(Dataset extract begins)

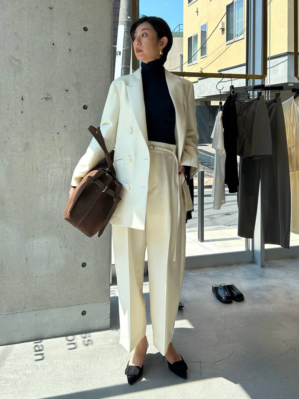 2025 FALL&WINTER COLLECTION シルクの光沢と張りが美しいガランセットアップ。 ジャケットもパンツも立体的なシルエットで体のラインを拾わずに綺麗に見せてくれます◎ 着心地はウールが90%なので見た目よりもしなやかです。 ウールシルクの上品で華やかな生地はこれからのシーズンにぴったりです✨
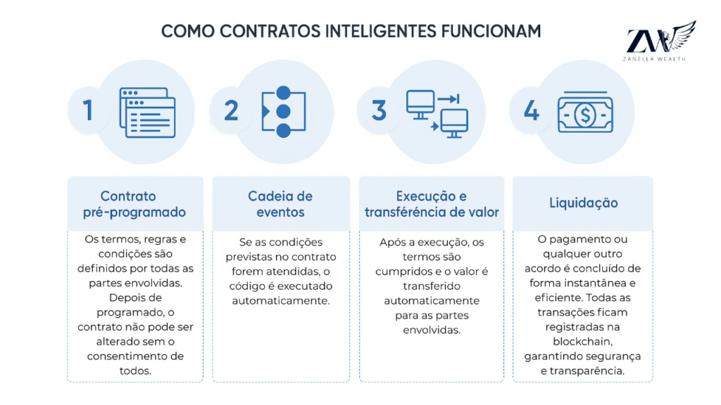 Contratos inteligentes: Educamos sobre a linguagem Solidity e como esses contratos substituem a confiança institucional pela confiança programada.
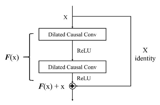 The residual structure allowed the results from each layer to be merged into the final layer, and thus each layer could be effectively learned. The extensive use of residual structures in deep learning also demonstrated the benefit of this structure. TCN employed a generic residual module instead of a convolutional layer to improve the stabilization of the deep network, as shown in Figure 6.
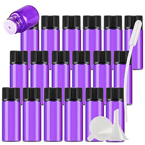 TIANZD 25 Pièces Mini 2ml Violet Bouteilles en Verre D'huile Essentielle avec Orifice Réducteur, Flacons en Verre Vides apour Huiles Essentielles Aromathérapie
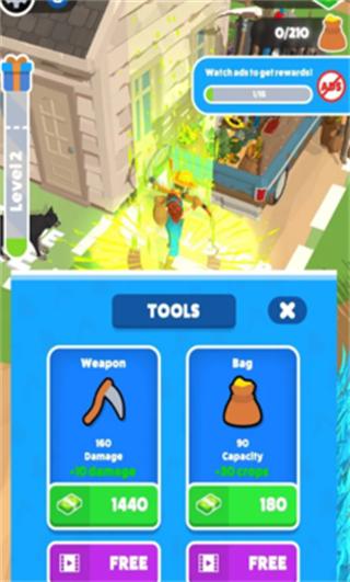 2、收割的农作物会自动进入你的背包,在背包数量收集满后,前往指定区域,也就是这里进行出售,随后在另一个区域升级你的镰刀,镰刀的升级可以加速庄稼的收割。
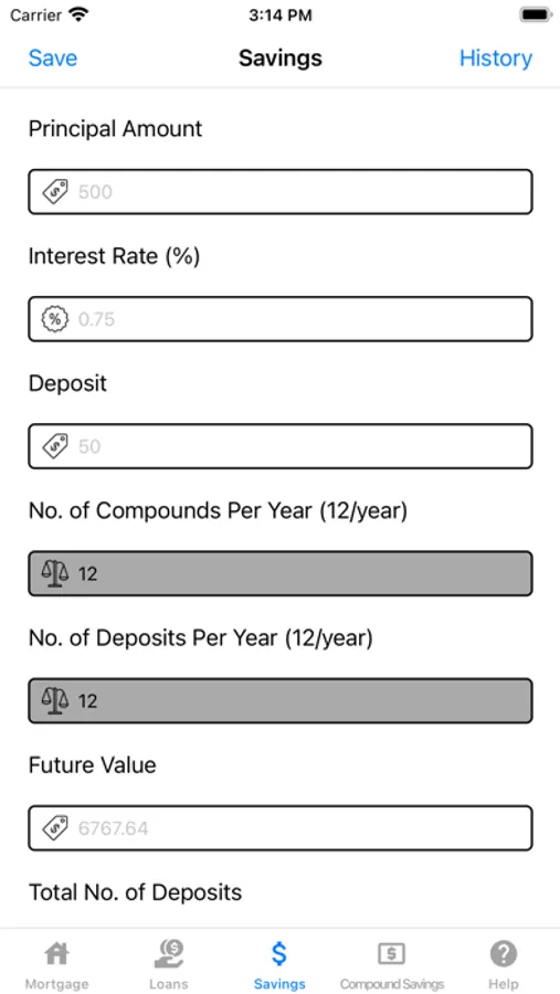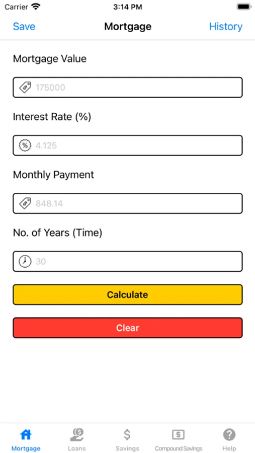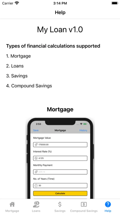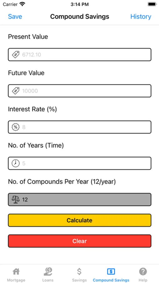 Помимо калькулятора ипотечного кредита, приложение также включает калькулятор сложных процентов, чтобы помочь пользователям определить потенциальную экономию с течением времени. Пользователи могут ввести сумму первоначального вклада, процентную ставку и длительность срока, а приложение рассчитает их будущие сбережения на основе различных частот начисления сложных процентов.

(Dataset extract ends)

■ **Goal of the exercise**:
All records should be output exactly, with the pictures left out.

■ **Result of the task**:
 2025 FALL&WINTER COLLECTION シルクの光沢と張りが美しいガランセットアップ。 ジャケットもパンツも立体的なシルエットで体のラインを拾わずに綺麗に見せてくれます◎ 着心地はウールが90%なので見た目よりもしなやかです。 ウールシルクの上品で華やかな生地はこれからのシーズンにぴったりです✨
 Contratos inteligentes: Educamos sobre a linguagem Solidity e como esses contratos substituem a confiança institucional pela confiança programada.
 The residual structure allowed the results from each layer to be merged into the final layer, and thus each layer could be effectively learned. The extensive use of residual structures in deep learning also demonstrated the benefit of this structure. TCN employed a generic residual module instead of a convolutional layer to improve the stabilization of the deep network, as shown in Figure 6.
 TIANZD 25 Pièces Mini 2ml Violet Bouteilles en Verre D'huile Essentielle avec Orifice Réducteur, Flacons en Verre Vides apour Huiles Essentielles Aromathérapie
 2、收割的农作物会自动进入你的背包,在背包数量收集满后,前往指定区域,也就是这里进行出售,随后在另一个区域升级你的镰刀,镰刀的升级可以加速庄稼的收割。
 Помимо калькулятора ипотечного кредита, приложение также включает калькулятор сложных процентов, чтобы помочь пользователям определить потенциальную экономию с течением времени. Пользователи могут ввести сумму первоначального вклада, процентную ставку и длительность срока, а приложение рассчитает их будущие сбережения на основе различных частот начисления сложных процентов.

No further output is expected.